(Records from a data collection)
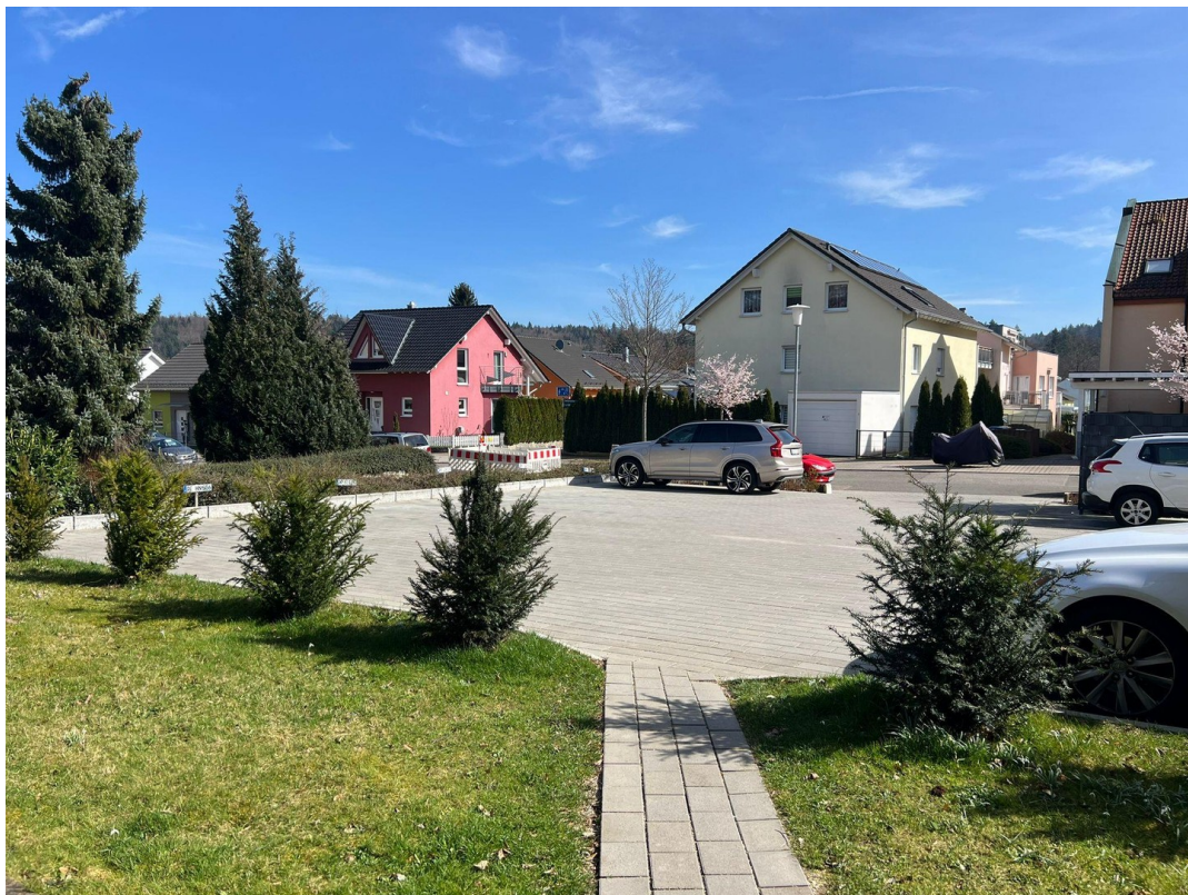
HAUS ZUGANG EINGANG
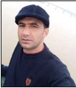
بقلم / ذوالفقار عبد الحسين

الكاتب عندما يمسك ريشته السحرية يخلق عالماً مليئاً بالخيال والحب لكن في بعض الاحيان يكتب عن شيء من واقعنا المرير الذي نعيشه . بالاخص ان كتبنا عن موضوع يخص الحياة اليومية او ما مررنا به في أحد الأيام او كان سابق عشناه او شيء ترك اثرا . طيلة تلك السنوات الماضية . اليوم بودي أن اكتب عن السجناء الراهبين الذين يملئون السجون العراقية ومنهم قد صدر بهم حكم الاعدام من اصحاب الجرائم الكبيرة . لكن إلى يومنا هذا
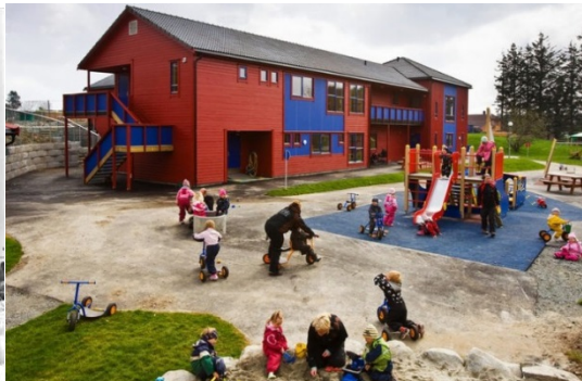
Espira Sletten barnehage
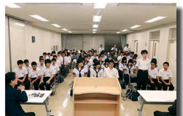
●参加生徒が一人ずつ研修への抱負を話しました

参加する生徒から「積極的にコミュニケーションしたい」など研修に対する意欲が述べられたのに対し、大橋教育長からは「英語はコミュニケーション手段の一つ、上手に話せなくても思いは伝わる」と応援の言葉が送られました。
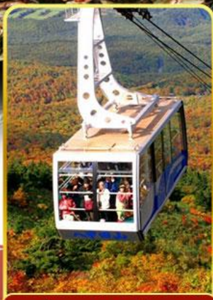
นั่งกระเช้าอากิโตะ
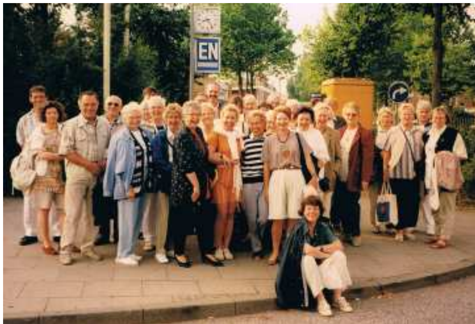
Abfahrt 8.30 Uhr - ZOB Elmshorn

→ WHAT NEEDS TO BE DONE:
The pictures in the data should be omitted, and every remaining line set down exactly.

→ RESPONSE BOX:
HAUS ZUGANG EINGANG
بقلم / ذوالفقار عبد الحسين

الكاتب عندما يمسك ريشته السحرية يخلق عالماً مليئاً بالخيال والحب لكن في بعض الاحيان يكتب عن شيء من واقعنا المرير الذي نعيشه . بالاخص ان كتبنا عن موضوع يخص الحياة اليومية او ما مررنا به في أحد الأيام او كان سابق عشناه او شيء ترك اثرا . طيلة تلك السنوات الماضية . اليوم بودي أن اكتب عن السجناء الراهبين الذين يملئون السجون العراقية ومنهم قد صدر بهم حكم الاعدام من اصحاب الجرائم الكبيرة . لكن إلى يومنا هذا
Espira Sletten barnehage
●参加生徒が一人ずつ研修への抱負を話しました

参加する生徒から「積極的にコミュニケーションしたい」など研修に対する意欲が述べられたのに対し、大橋教育長からは「英語はコミュニケーション手段の一つ、上手に話せなくても思いは伝わる」と応援の言葉が送られました。
นั่งกระเช้าอากิโตะ
Abfahrt 8.30 Uhr - ZOB Elmshorn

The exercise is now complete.